Phi-3 Medium on H100: Compatibility & Performance

info Technical Analysis

The NVIDIA H100 SXM, with its 80GB of HBM3 memory and 3.35 TB/s memory bandwidth, offers ample resources for running the Phi-3 Medium 14B model, especially when quantized to INT8. Phi-3 Medium 14B, requiring only 14GB of VRAM in INT8, leaves a substantial 66GB of VRAM headroom. This abundant VRAM allows for larger batch sizes and longer context lengths, maximizing GPU utilization. The H100's 16896 CUDA cores and 528 Tensor Cores are more than sufficient to handle the computational demands of this model, promising excellent inference speeds.
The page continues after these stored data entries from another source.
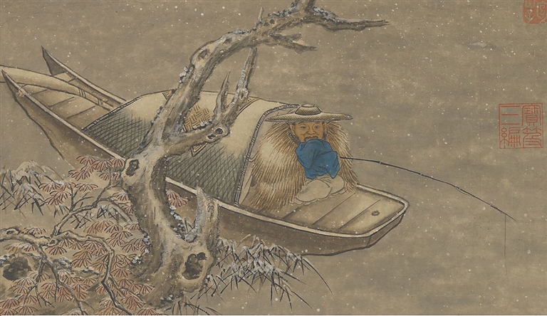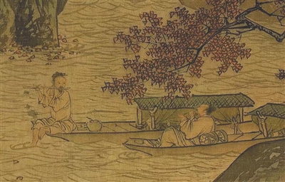 这画绘芦汀草岸,画面正中绘一船停泊,画中文士从乌篷中探头而出,旁侧仆童侍立,船夫摇桨停靠岸边。画中心的小船,应是一艘书画船。从船中乌篷小窗中,隐约可见一案几、一茶壶、几册书,几丛盆菊,表明这是个典型文人休闲娱乐空间。
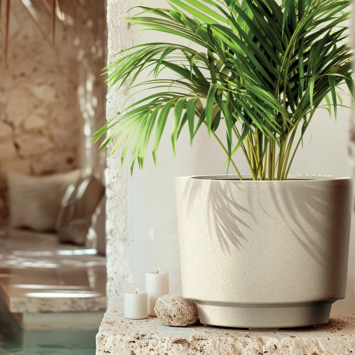 Donica TSRO30 Splito Round to najmniejszy przedstawiciel linii Splito, który udowadnia, że nawet niewielki element dekoracyjny może odmienić charakter wnętrza lub tarasu. Model ten wyróżnia się charakterystyczną, fakturowaną powierzchnią, która nadaje mu nowoczesnego, niemal rzeźbiarskiego wyglądu. Średnica 30 cm sprawia, że jest to donica niezwykle ustawna i uniwersalna – idealnie nadaje się na parapety, biurka, stoliki kawowe czy mniejsze regały balkonowe. Okrągły kształt w połączeniu z intrygującą strukturą ścianek sprawia, że TSRO30 stanowi doskonałą oprawę dla roślin doniczkowych, takich jak sukulenty, zioła czy kwitnące kwiaty sezonowe.
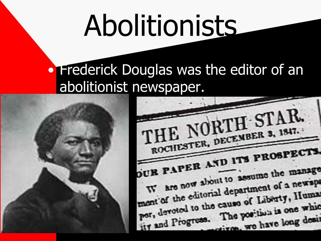Abolitionists • Frederick Douglas was the editor of an abolitionist newspaper.
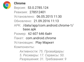 ● Свойства приложения – вывод окна с описанием свойств приложения: API, активности, сервисы, ресиверы, провайдеры, требования и разрешения и прочее.
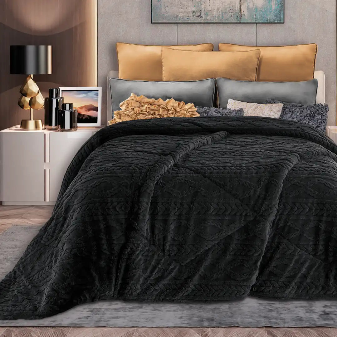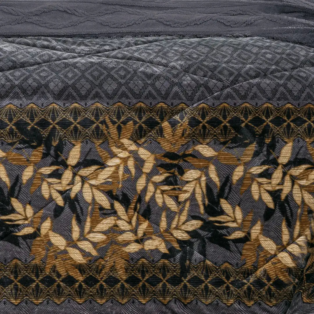 Edre-cobertor Nuvó con diseño en tonos dorados sobre fondo gris profundo, ideal para dar un toque sofisticado y elegante a la recámara. Su reverso Jacquard añade una segunda opción de textura y estilo, permitiendo cambiar por completo la apariencia de la cama. Suave, térmico y con acabado de alta calidad, comodidad con presencia.
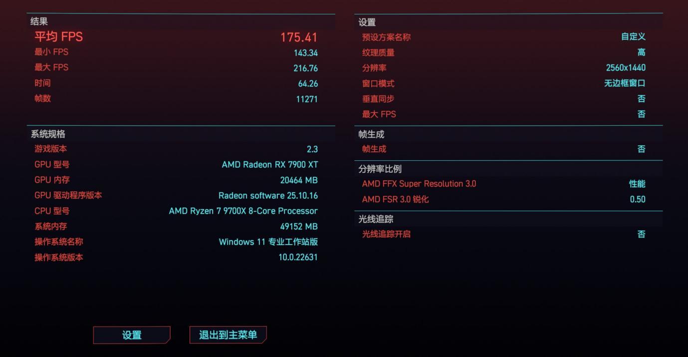 賽博朋克2077 高畫質下開啓FSR 3.0,平均幀數175.4,暢玩沒有問題。

Furthermore, the high memory bandwidth of the H100 ensures that data can be transferred between the GPU and memory quickly, preventing bottlenecks during inference. The Hopper architecture's optimized Tensor Cores accelerate matrix multiplications, which are a core component of transformer-based models like Phi-3. This combination of high VRAM, memory bandwidth, and specialized hardware allows for efficient and fast inference. The estimated 90 tokens/sec demonstrates the powerful performance achievable with this configuration.

lightbulb Recommendation

Given the H100's capabilities, prioritize maximizing batch size to improve throughput. Experiment with different batch sizes, starting with the estimated 23, and monitor GPU utilization. If the GPU isn't fully utilized, increase the batch size further. Utilizing a framework like vLLM or NVIDIA's TensorRT will provide further optimization and potentially increase tokens/sec. Also, consider using techniques like speculative decoding to further boost inference speed.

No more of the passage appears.